FIG. 3 shows a timing diagram, which schematically shows the integrator signals INT1, INT2, INT3, the

Comparator pulse signals KIP1, KIP2, KIP3 and the switching signals AOP1, AOP2, AOP3 of a weighing device comprising three load cells as bold lines. In the following, the signals INT1, KIP1 and AOP1 belonging to a first load cell will be explained. The other signals shown in Figure 3 are to be understood accordingly. During an integration phase Iup, during which the switching signal AOP1 has an LO level and the switch 18 is open, only the measuring signal is present at the operational amplifier 12. The integrator signal INT increases accordingly. After a predetermined time has elapsed, the integration phase Iup ends and the counter 32 is set to zero and started. In this case, a set signal is sent to the set input of the flip-flop 28, which is thereby set, ie its output, the switching signal AOPL goes at HI level so that the switch 18 is closed and the charge accumulated in the capacitor 14 is dissipated. The integrator signal INTl falls accordingly. The period of time required to lower the integrator signal INT1 below a predetermined threshold and during which the counter 32 counts up is representative of the previously integrated charge and thus of the measurement signal. The reaching of the threshold value is signaled by the comparator 20 by outputting a pulse edge of the comparator pulse signal KIP1. This pulse edge resets the flip-flop 28, so that its output signal, the switching signal AOPl goes back to LO level. This transition stops the counter 32. The duration of this Abintegrations- or measuring interval Im can thus be read on not separately illustrated count output of the counter 32. It should be noted that the timing diagram shown in FIG. 3 represents only a variant of possible actuations of the A / D conversion. Other variants may benefit from the present invention. It is essential that a time interval representative of the measurement signal can be determined by means of the pulse edge generated by the comparator 20 and the switching signal AOP1 or a control signal preceding it. Accordingly, the other signals shown in Figure 3 are to be understood, where INT2, KIP2 and AOP2 illustrate the case of a smaller and INT3, KIP3 and A0P3 the case of a larger weighing value of the associated load cell.

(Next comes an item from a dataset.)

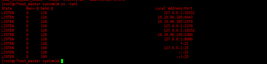 ss -tanl 检查端口,6443和8080端口应该监听成功,代表apiserver安装成功。

From Figure 1 it can be clearly seen that the connection between the load cells 1, 2, 3 and the common digital module 4 to each one digital line pair, each consisting of the comparator pulse line 22 and the Switching line 30, is reduced. The spatial distance between the load cells, 1, 2, 3 and the digital module 4 can thus be made almost arbitrarily large, which significantly increases the flexibility of complex structures.

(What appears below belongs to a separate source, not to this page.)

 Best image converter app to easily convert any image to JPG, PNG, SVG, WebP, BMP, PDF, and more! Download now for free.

Figure 2 shows substantially the same structure as Figure 1, but with the digital module being organized in a particularly advantageous manner. In the following, only the differences from the embodiment of FIG. 1 will be discussed. Instead of the realization of a separate counter for each load cell 1, 2, 3, only one counter for all load cells 1, 2, 3 is realized, the count value output of the counter 32 is connected to the measuring cells respectively assigned registers. The set signal when zeroing the counter 32 in Figure 2 takes place simultaneously for all switching control means or flip-flops 28. The Abintegrationsphase therefore begins in each measuring point 1, 2, 3 simultaneously. In general, the Abintegrationsphase in the individual load cells 1, 2, 3 according to the different measurement signals of the load cells 1, 2, 3 end at different times. At these different points in time, the respective associated comparator generates the pulse edge which resets the associated switching control means 28, as a result of which the associated switching signal again goes to the LO level. This transition latches the associated register 34, which is connected to the count output of the associated counter 32. This means that the content of the register 34 during the Abintegrationsphase corresponds to the current counter value of the counter 32 and is frozen at the completion of the Abintegrationsphase. The register 34 can then be read out and the read value suitable be further processed. In this way, it is achieved that without special synchronization measures all load cells 1, 2, 3 synchronously measure and the respective measurement results in the digital module further processed and can be combined in particular to a total value of weight.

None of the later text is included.